February 22, 2007

Labels Are Not Definitions

My recent positing on Extris constructions in English began, very carefully:

For at least 35 years, English speakers have been producing sentences with an occurrence of a form of BE that is not licensed in standard English (SE) and is not a disfluency...

This was designed -- perhaps too subtly, but my posting was an abstract for a conference paper, so it was necessarily concise -- to exclude two types of examples: those that are in fact licensed in SE, and those that are disfluencies.  Nevertheless, examples of the Isis subtype (most of which have is is or was was in them), and, especially, the widespread labeling of Isis as the "double is", "is is", "double be", or "be be", phenomenon often cause people to think that any sentence with is is or was was in it is an instance of the phenomenon.  But some are just SE and some are disfluencies.  People have been misled by the labels.  The larger lesson is:

Labels Are Not Definitions (Or Descriptions)

Early on in our investigations of the phenomenon, the Stanford/Colorado research group began to use the label Isis or ISIS (pronounced /ájsIs/), just to get away from the possibly misleading "is is" etc. stuff.  The label is suggestive, but doesn't look like a characterization or description of the phenomenon.  (This tactic doesn't always work, but we still think it's better than the alternatives.)

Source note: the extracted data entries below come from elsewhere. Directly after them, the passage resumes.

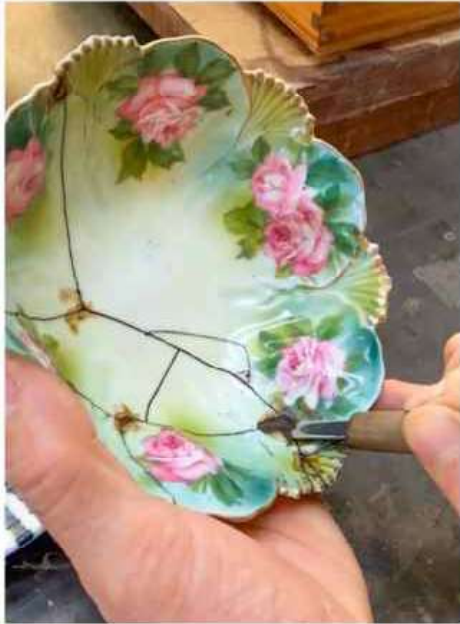
After drying, the excess is scraped off.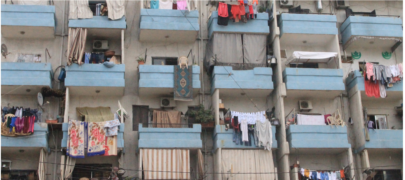
Part of the report cover (UN-Habitat and UNHCR, 2018)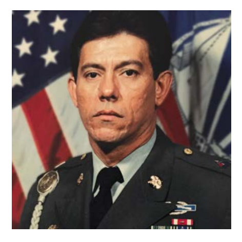
The Warrior Tradition

Learn the heartbreaking, inspiring and largely untold story of Native Americans in the United States military. This film relates the stories of Native American warriors from their own points of view—stories of service, pain, courage and fear.

In any case, people come to us with examples of both of the types we try so carefully to exclude.  I'll look at disfluencies first.

The kind of disfluency that can get confused with genuine Isis is a repetition disfluency: speakers, in the heat of speech production, pause and repeat some material while they're groping for how to formulate what they want to say next.  Usually these repetitions are of "little words", like the, a, infinitival to, personal pronouns, and, yes, forms of the verb BE.  The article the is an especially frequent target of repetition disfluency; if you look at carefully transcribed natural speech, you'll see an awful lot of occurrences of "the, the".  These are inadvertent repetitions, not part of the speaker's system of English syntax.

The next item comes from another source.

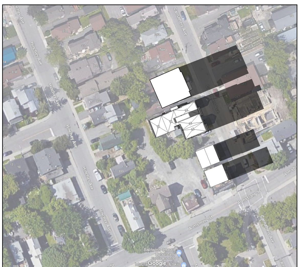
11 Fall Equinox 4pm SS-1 SCALE 1: 1000

The published material on Isis mixes examples that are punctuated with a comma (suggesting a pause, and a possible disfluency) and those punctuated without.  In collecting our own examples on the fly -- my personal file has 133 examples in it at the moment -- the Isis group has tried to distinguish the two cases.  We are particularly impressed by examples that are pronounced smoothly and without pause, like the ones below:

The difference is is that I don't want him to find you.
Part of the problem is is that they gave me a project and...
The problem is is that you get into...

The first is from an episode of the television show Charmed, and was surely not a scripted bit (and was probably not noticed by anyone involved with the episode).  The other two are from a male speaker, a Silicon Valley type, overheard in the Palo Alto Gordon Biersch restaurant on 11/20/06.

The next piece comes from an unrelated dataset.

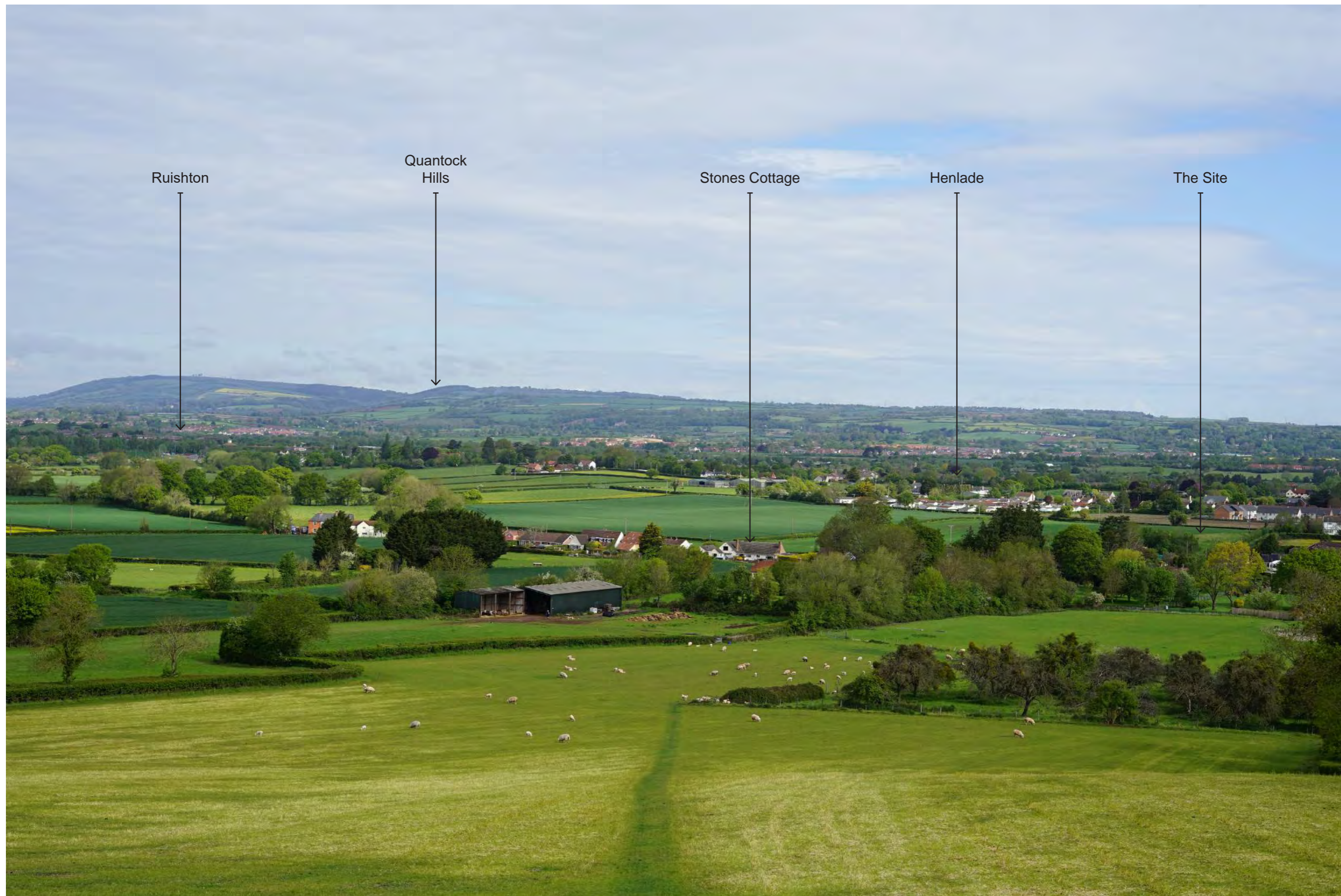
Photograph 2.2 Summer | Viewing distance at A3: 542mm | Horizontal field of view: 39.6° | Direction of view: North-west Camera: Sony ILCE-7 FFS | Lens: Sony FE 50mm F1.8 | Camera height: 1.5m AGL | Date taken: 17/05/2021 | Aperture: 10.0 | ISO speed: 100 | Shutter: 1/160 sec

But there are also plenty of repetition disfluencies.  (Some people have suggested that these are, historically, the source of Isis.  But no other such disfluency seems to have been grammaticalized, and Brenier & Michaelis (2005) -- in the list of references in my Extris posting -- have argued that Isis has a much more interesting motivation, involving separate functions for each of the forms of BE in Isis.)  Eventually, the more phonetically minded members of the Isis group set about studying how to distinguish repetition disfluencies from instances of a (non-standard) syntactic construction Isis.  The result was the Coppock et al. paper cited in my earlier posting (which is, alas, not yet published, but is, hooray, available on-line here).

Ordinary people -- people who aren't into Isis professionally -- don't distinguish the two phenomena, and they probably notice the disfluencies much more than the Isis occurences; certainly, my non-linguist friends are often astonished that I've detected a smooth Isis production when they didn't.  What this means is that the cases that non-linguists bring to me are just the ones most likely to involve disfluencies.  So it is with two examples offered to me by Edith Maxwell yesterday:

The thing is is, is that..
What it is is, it's a...

These look like spectacular triple-is examples.  But note the punctuation.  I suspect that the first one has Isis ("The thing is is") followed by a repetition disfluency, and that the second starts out as a perfectly well-formed pseudocleft ("What it is is" -- see below) followed by a repetition, in this case a partial restart with "it is" repeated in the form "it's".  Neither exemplifies a triple-is construction.

On to examples that are just SE, for instance:

What it was, was football.
What this was, was a victory for North Carolina's team.

Colleagues who know that I'm a student of "double be" every so often write and post to suggest the first of these, an Andy Griffith punchline, as an example.  And a colleague wrote to offer me the second.  These are just ordinary pseudocleft sentences in which the subject clause happens to end in a form of BE, which is then, of course, followed by a form of BE that belongs to the main clause (it's part of the construction).  (The commas indicate an intonation contour rather than a pause.)  There's nothing even slightly non-standard about these examples; they're in pretty much everybody's syntactic system.  In fact, eliminating one of the occurrences of was yields rubbish:

*What it was(,) football.
*What this was(,) a victory for North Carolina's team.

Now we have a way to get Isis examples that have three occurrences of is in a row, but where the first two are just part of a pseudocleft sentence, and the third is the extra is of Isis:

What part of it is is is that the irony...

This one's from KFJC's Robert Emmett, host of the Norman Bates Memorial Soundtrack Show, on 3/5/05.  Emmett is a virtuoso Isis user and has been providing me with examples for six years now.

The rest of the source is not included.